Now that OER have been around for over a decade, research projects are turning their attention to the impact of the use of OER on a range of educational aspects including student achievement, teacher performance, quality of teaching and learning materials, learning processes and the broader educational systems. To date most of the OER research has been undertaken in the Global North concerning issues such as costs of open textbooks (Wiley, Green & Soares 2012; Wiley, Hilton III, Ellington & Hall 2012; Hilton, Robinson, Wiley & Ackerman 2014); business models (McGill, Currier, Duncan & Douglas 2008); and student satisfaction with “flexbooks” (Lindshield & Adhikari 2013).
Little OER research has yet emanated from countries in the Global South (Hatakka 2009), but where it it has, it has mostly focused on OER “adoption” (OER creation and use) and not so much on OER “impact” per se. Some research studies in the Global South have been part of other international OER research efforts – such as the COL/UNESCO Survey on Governments’ OER Policies (Hoosen 2012) – while others have been part of Global North and South inter-institutional OER projects, such as the TESSA project (Thakrar, Zinn & Wolfenden 2009; Wolfenden, Buckler & Keraro 2010) and the OER Health Project (Harley 2011). Some research has been initiated in the Global South, for example Hodgkinson-Williams and Paskevicius’ (2012; 2013), which investigated ways in which senior students can assist academics in adapting existing materials into OER. However, none of these studies specifically addresses the possible impact of OER.
The paucity of research on the impact of OER on a range of educational aspects has triggered the focus of one of the Sub-Projects in the Research on Open Educational Resources for Development in the Global South (ROER4D) project. An open call was issued in mid-2014 for studies that focused specifically on the impact of the use of OER in Global South contexts. Part of the challenge faced by the ROER4D team and proposal writers was to clarify what was understood by the term “impact” as well as “openness” to ensure that the focus of the studies surfaced the impact of “open” educational resources and not on educational materials in general.

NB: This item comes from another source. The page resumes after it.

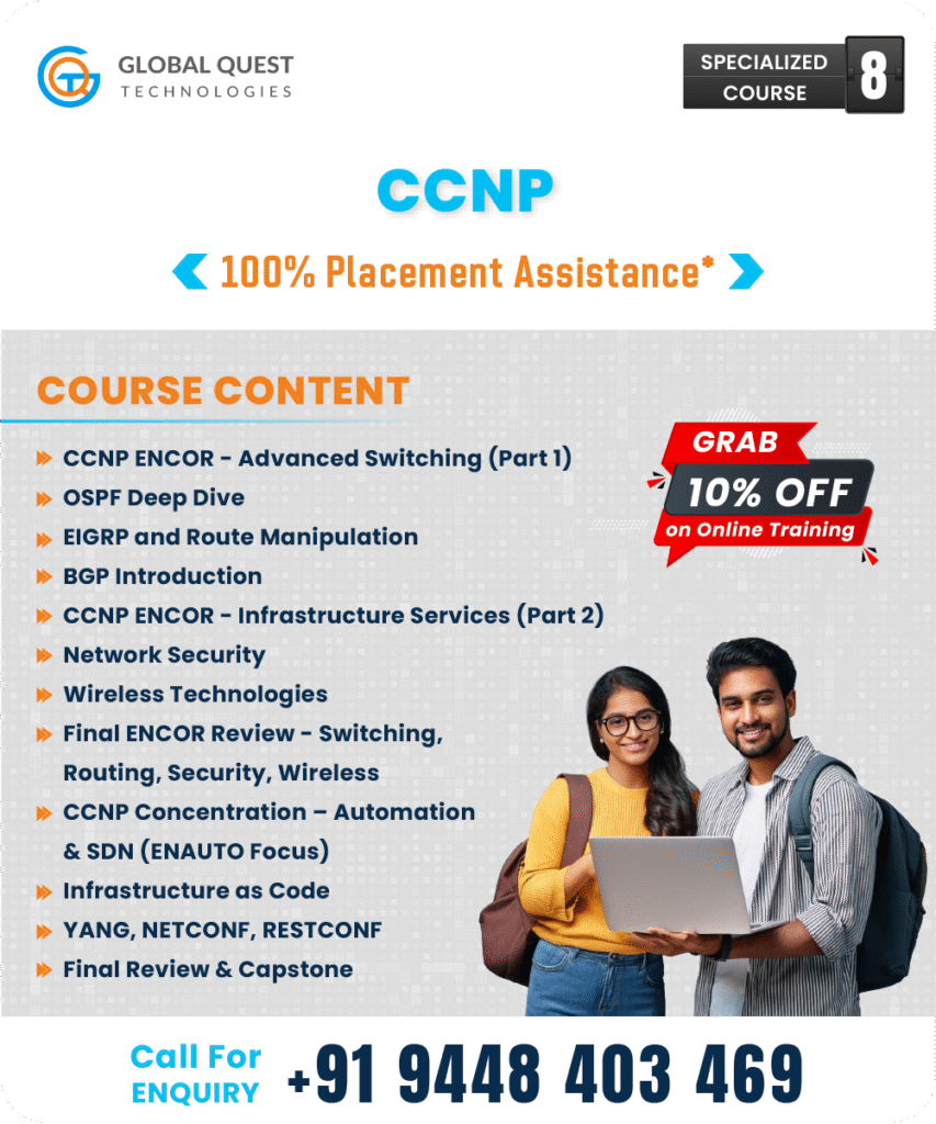 Our institute provides specialized CCNP training with a focus on real-world networking skills. Learn advanced routing, switching, and security through hands-on labs and expert guidance. With personalized support and industry-focused learning, we ensure you’re prepared for a successful career in networking.

This paper will trace the deliberations around what is meant by “impact” and “openness” in relation to the study of OER in Global South contexts. It will draw on the current literature around “impact” (de los Arcos, Farrow, Perryman, Pitt & Weller 2014) and “openness” (Mansell 2013; Smith 2014; Weller 2014), and share strategies adopted in the ROER4D-Impact Studies Workshop held in Penang (December 2014) and subsequent ROER4D webinars to help better conceptualise and operationalise these slippery concepts in relation to OER.